The practical instruction is fun, but Esperienza's exercises are rich in driving theory, too. Instead of talking at students in a classroom, instructors go out of their way to explain the basics of high-performance driving behavior and the physics at play while behind the wheel. Teaching a driver to be smooth on the gas, brake, and steering isn't hard, but explaining the physics behind doing so provides a broader understanding of the importance of silky inputs.
But focusing only on the education misses the point. Arriving at sunny PBIR on a December afternoon, the first thing I saw was the big Lamborghini trailer. An air-conditioned briefing room is there for the pre-track safety briefings and the post-event certification awards, and outside, a chef provides small bites, an array of beverages, and most importantly, proper Italian coffee or cappuccino.

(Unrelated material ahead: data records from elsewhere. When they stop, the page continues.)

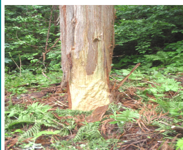
シカによる剥皮被害

なったこともあり、私自身も挑戦しましたが非常に登りごたえのあるコースです。また、唐倉山は標高1176mと標高はそれほどではないものの、山開きが10月に行われる珍しい山です。昨年はあいにくの雨で式典のみ行われましたが、山を愛する多くの人で賑わいました。 伊南川は鮎釣りが盛んです。全国から多くの釣り客が訪れ、シーズン中には「伊南川あゆまつり」も開催されます。冬季は豪雪地帯である特徴を生かして、スキーやクロスカントリーなどのウィンタースポーツが盛んに行われており、伊南森林事務所管内の国有林もスキー場(レクレーションの森)として貸し付けられています。 伊南森林事務所管内の人工林は全国的な傾向と同様に主伐期を迎えています。林業の低コスト化が重要課題となっている中、平成29年9月に木材の生産性向上に向けた現地検討会を開催しました。木材生産現場に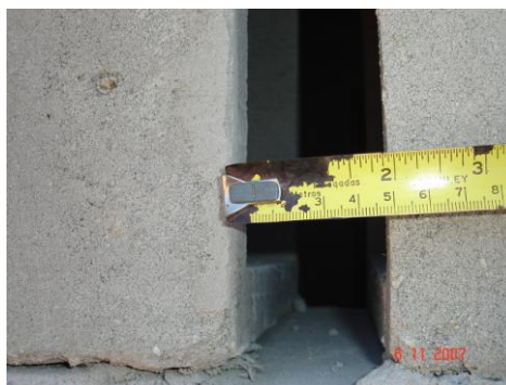
Figura 18. Foto do bloco tipo 2 assentado na fachada separado 5cm

A velocidade média externa dos ventos foi de 2,7 m/s no sentido sudeste. Observou-se que pela média aritmética simples dos valores de LAeq (dB) do W-SPL a diferença do nível de pressão sonora externo (83,0 dB) para interno (50,0 dB) foi de 33,0 dB, portanto mais isolante do que o cobogó tipo 1 (pequeno aberto).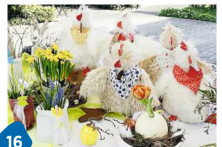
Neuheit bei Eugster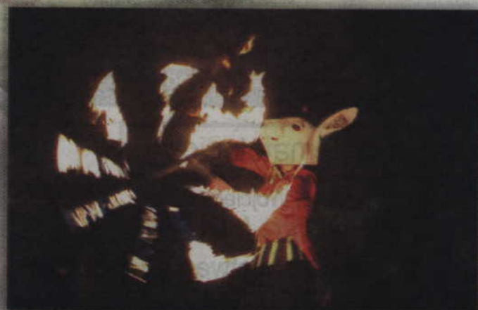
Grupa Mamadoo zaprosiła wszystkich na spektakl „Playing with fire”.

Tegoroczny festiwal to jednak nie tylko spektakle. Funkcjonowały także: „Second hand”, pracownia rzeźby czy kącik poezji. Warto również dodać, że czas umiłał wszystkim muzykujący jazzband, ale nie brakowało również płynącej z głośników muzyki disco-polo.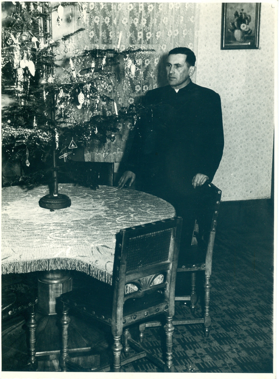
16) Vánoce na rýmařovské faře (nedatováno)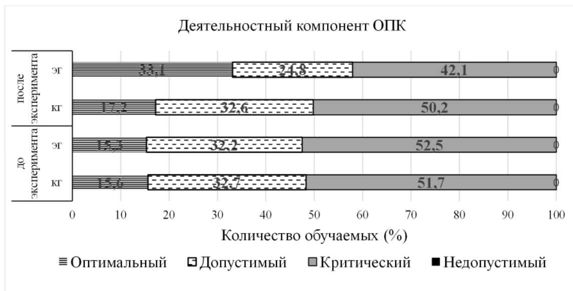
Рисунок 3 – Динамика уровней сформированности деятельностного компонента ОПК

уровне примерно в 2 раза (с 15,3% до 33,1%), на допустимом динамика составила 7,4% (с 32,2% до 24,8%), на критическом – 10,4%, т.е. с 52,5% до 42,1%.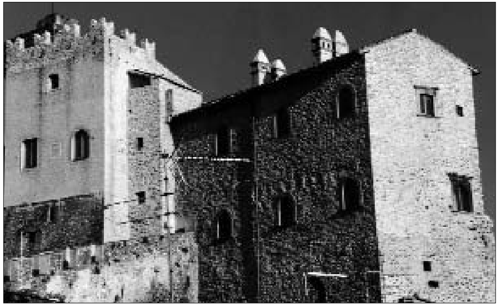
PALOMBARA SABINA. PARTICOLARE DEL CASTELLO SAVELLI

In questa sommaria ricostruzione storiografica delle ricerche storiche sull'area tiburtina è possibile notare che sebbene tutte o quasi facciano riferimento più o meno direttamente al saggio pionieristico di Toubert, esse presentano comunque tipologie diverse. Sono di carattere archeologico gli studi di C. Wickham 27 , che negli anni '80, parallelamente ad un certo sviluppo dell'archeologia rurale, proponeva un'interpretazione

Esperienza, as Farmeschi said, is designed to initiate students into Lamborghini's fast-paced, ultra-luxurious lifestyle. But it also makes you want a Huracán or Aventador, or perhaps even an Urus (Lamborghini's PR team responded to my questions about an Esperienza course for its eagerly awaited crossover with a laugh and a knowing smile), which, admittedly, is a big goal.
I left the track knowing that if I suddenly picked up a winning PowerBall ticket, one of Sant'Agata's supercars, not Maranello’s, would sit in my very big driveway.
“This program is about getting closer to those who want to become our customers in the future,” Farmeschi said.
And it works. I've long considered the question of Ferrari or Lamborghini the same way some people view Coca-Cola or Pepsi, or New York-style pizza and Chicago-style pizza: you're inherently predisposed to one or the other. For me, Ferrari's elegant lines and graceful performance have always been more appealing than Lamborghini's extreme, macho designs or punishing performance. But Esperienza converted me. I left the track knowing that if I suddenly picked up a winning PowerBall ticket, one of Sant'Agata's supercars, not Maranello’s, would sit in my very big driveway. But despite my pestering, the company's reps couldn't (or perhaps, wouldn't) tell me how many Esperienza students graduated to Lamborghini ownership.
But Esperienza is ultimately about more than just bringing future customers into the Lamborghini fold. It's the first step in the company's Squadra Corsa. Armed with the diploma-like certificate of completion, customers are eligible for the company's more involved driving courses. The one-day Accademia Intensivo ($6,995) and Accademia Avanzato ($11,995) are available in both traditional track settings and a hilarious-looking winter session that focuses more on snowy, sideways action than typical racing lines. Graduate from these programs, and you're eligible for the $25,995 Pilota program, which only uses the company's Super Trofeo racers. Complete that, and you can run in Lambo's one-make series.
Esperienza is not the best high-performance driving program on the market, but then again, it's not supposed to be. It's a stepping stone, a sample of what Lamborghini – both its cars and its Squadra Corsa – is capable of.